Enough with the bad news already! The financial industry, along with the media, seem to believe that the best way to motivate women is by frightening us with scary statistics, alarming statements, and worse case scenarios. But clearly fear tactics haven’t worked. Women hear these gloomy statistics and instead of taking action, just get depressed and go into avoidance.

I would love to see the financial industry/media do away with (or at least down play) those depressing statistics. And instead, talk about how financial success allows women to help her kids, her parents, people she loves. Tell us stories about the joys of philanthropy, the thrill of leaving a legacy. Give examples of how proper financial planning will give her the resources to contribute to causes she feels passionate about.

To most women (and I suspect some men), helping others and making a difference is what financial empowerment is all about.

Does anyone else feel as strongly as I do about this?

Let me suggest a foolproof strategy for achieving financial savvy…especially if you’re having a hard time doing it. Think big. Act small. And never, ever stop until you reach your goal.

One reason so many have trouble with money—saving more, investing wisely, or paying off debt—is because it seems so overwhelming. And indeed it can be. But I truly believe the secret to success is this: small steps consistently taken create remarkable results.

I am convinced:

  1. It doesn’t take a lot of time to get smart.
  2. It doesn’t take a lot of money to create wealth.
  3. It’s best to begin when you’re young, but it’s never, ever too late to start.

A big part of attaining financial freedom is simply changing your habits.

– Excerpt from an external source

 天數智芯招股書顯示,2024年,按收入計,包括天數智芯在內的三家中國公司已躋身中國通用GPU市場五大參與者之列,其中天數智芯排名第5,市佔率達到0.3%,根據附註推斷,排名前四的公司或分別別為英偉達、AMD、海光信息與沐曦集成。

Early on, I devised a 3-step plan for myself that was amazingly effective at changing my habitual avoidance. Try these 3 steps for 4 months, and see what happens:

Reading up1. Everyday, read something about money, even if it’s just for a minute or two, even if it’s only the headlines of the business section of the newspaper, or a money magazine while you’re waiting in line at the grocery. So much of getting smart or smarter about money is understanding the jargon and the current trends.

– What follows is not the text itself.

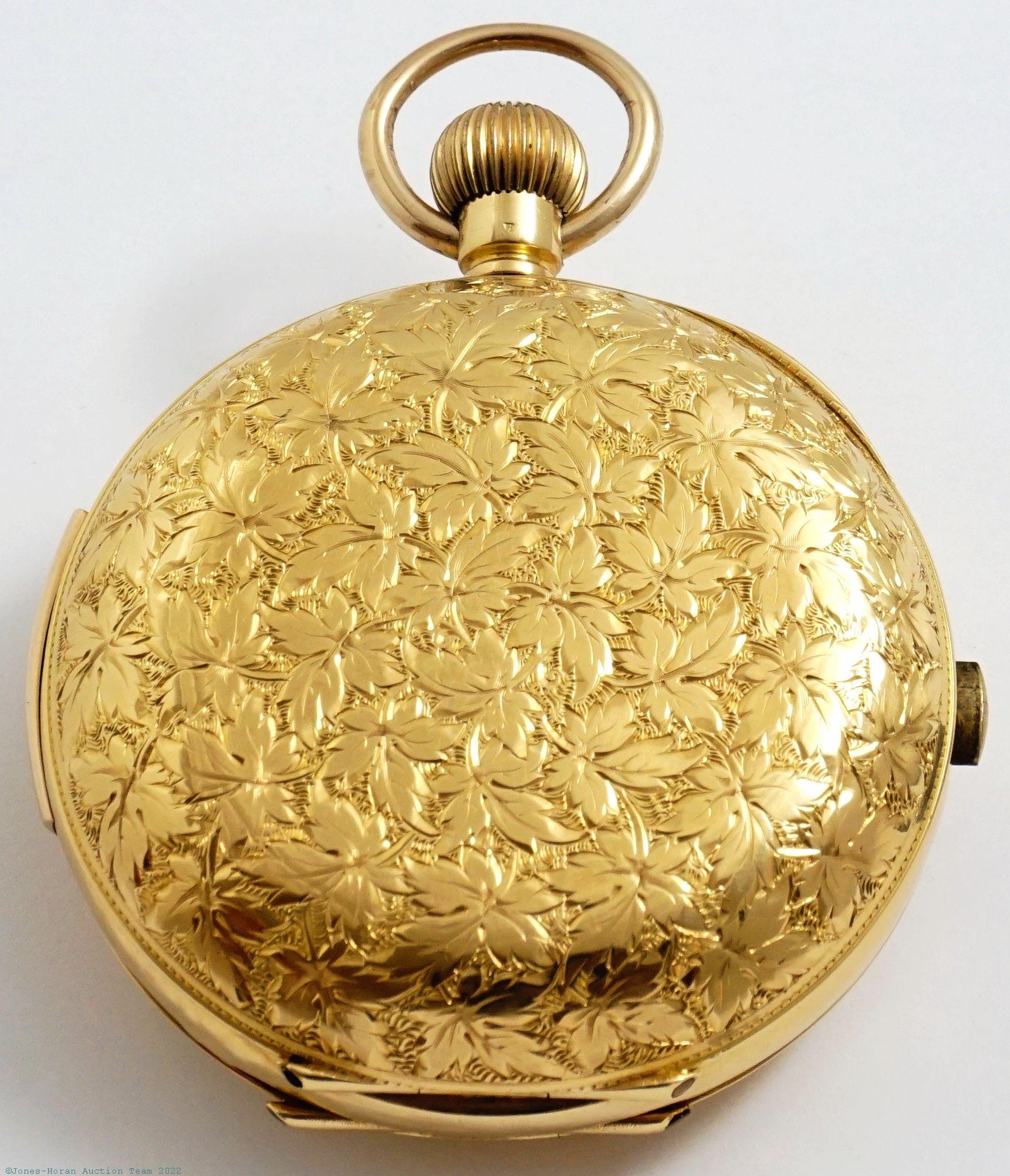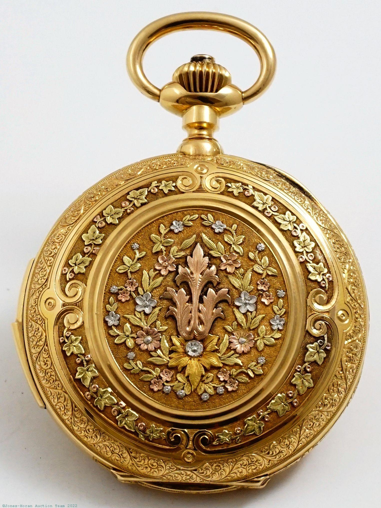 EPW - Unsigned Swiss, quarter-hour repeater with triple calendar and moonphase, 55mm, 18K multicolor gold original HC with exquisite ornate detail, gold cuvette bearing attributes, glazed observation cover over mvt, "Système Breveté" marked white enamel SS dial with Turkish market numerals and calendar markings, gold foil 5-minute indications and gold foil lines separating the calendar and moonphase registers, fancy gilt Louis XV style hands, SW-shift-locking-LS, lever escapement with capped escape wheel and counterpoise, 32J per cuvette marking, nickel damascene, s#30615 within case. Gross weight of assembled watch 88.3 dwt (137.4 g). An absolutely beautiful watch throughout, with an extraordinarily vibrant and crisp multicolor case.

2. Every week, have a conversation about money, especially with someone who knows more than you. I learned this from my interviews with financially savvy women. Whenever you meet anyone who knows more than you, ask them how they got smart, the mistakes they made, and what’s worked best for them. I think it’s our secrecy and silence about money that keeps us stuck.

3. Every month, save. Automatically have money transferred from your checking account or paycheck to your savings account. How much? Better to save say $10 a month, than try to put aside too much and eventually give up because you feel the pinch. Small amounts really do add up surprisingly fast. And as the saying goes: it’s easier to find 500 ways to save $1 than it is to find 1 way to save $500.